Decreasing snowfall was once claimed as an indication of man-made climate change. After years of declining snowfall in England, Dr. David Viner, senior scientist at the Climate Research Unit of East Anglia,
predicted that winter snowfall would become "a very rare and exciting event." Others predicted that snow cover in the United Kingdom would disappear by 2020.

But last winter, at the same time that much of the eastern U.S. received record snowfalls, the U.K. was entirely blanketed by snow, as shown in the following NASA satellite
photograph -- a rare occurrence.
The heavy snow in England was very embarrassing for the U.K. Meteorological Office, which had predicted a mild winter.
So what have the alarmists done? Attend almost any lecture today by an advocate of man-made global warming and you'll find that "heavy snowfall" is now included on the list of impacts from climate change. Now both heavy snow and lack of snow are evidence of man-made warming.
To anyone who studies geologic history, the 1.3oF rise in global surface temperatures over the last century is unremarkable.
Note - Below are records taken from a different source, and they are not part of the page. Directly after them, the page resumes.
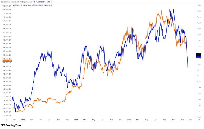 In December/January, Bitcoin could barely hold over $91k. Each attempt would push a bit higher, then fail. Then try again, and fail again. Now, Bitcoin can barely hold over $71k. Multiple attempts. All sold off. It's been that way for 5 days.
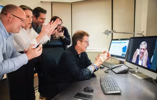 El líder del PP, Alberto Núñez Feijóo, felicita a su candidato, Alfonso Rueda, tras su victoria en las elecciones gallegas del 18 de febrero.
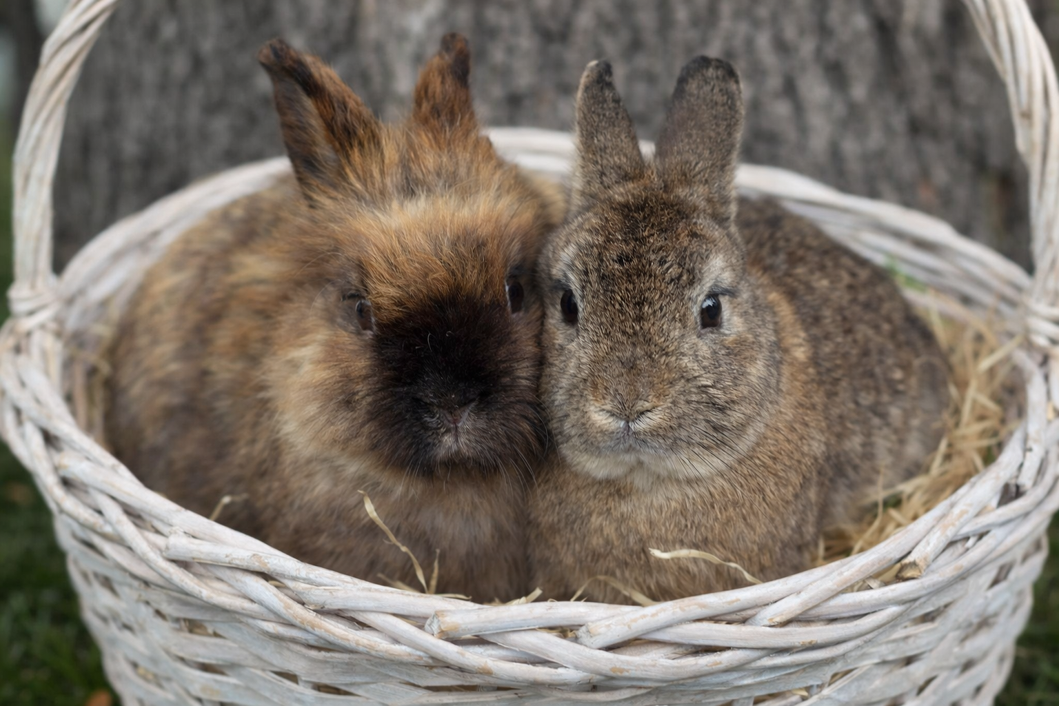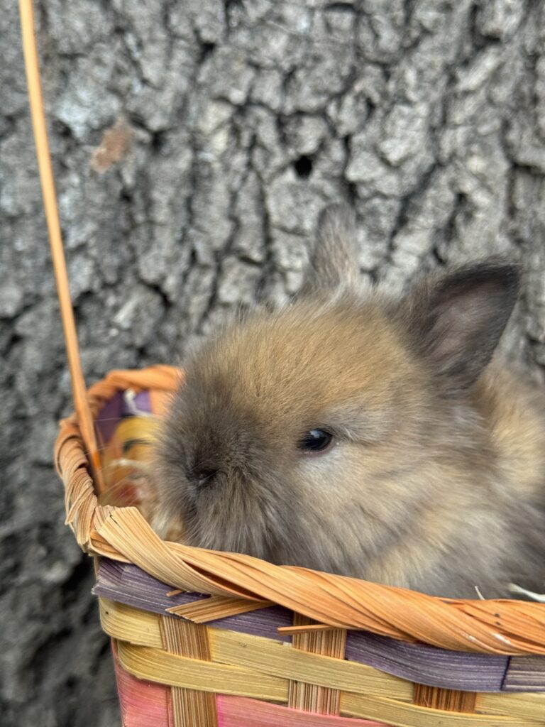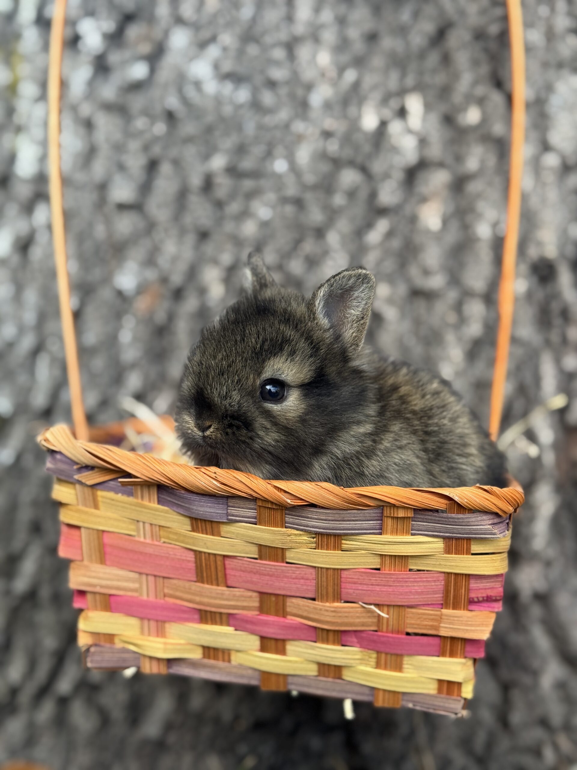 Sunny is a netherland dwarf and Luna is a Lion’s Mane designer bunny. They make the perfect small, fluffy, cuddly bunny. It is our goal to share the joy, cuteness, and love that our bunnies, Sunny and Luna (dad and mom) provide to us. (Luna is on the Left, Sunny on the right).

Yet the Intergovernmental Panel on Climate Change of the United Nations calls this rise "unprecedented" and labels it evidence of man-made climate change. This recent temperature rise is well within the +/-2.5oF range of Earth's average surface temperature over the last ten thousand years. It's a remarkably small change, given the titanic forces exerted on our world by the sun, the planets, and Earth's own terrestrial forces of weather and ocean cycles. Even though the average surface temperature of Earth has stayed in a narrow range, local temperatures vary widely. In Chicago, for example, the average annual range is from about -5oF to +95oF. Such wide local variation means that a "hundred-year weather event" is occurring somewhere on our planet at any given time.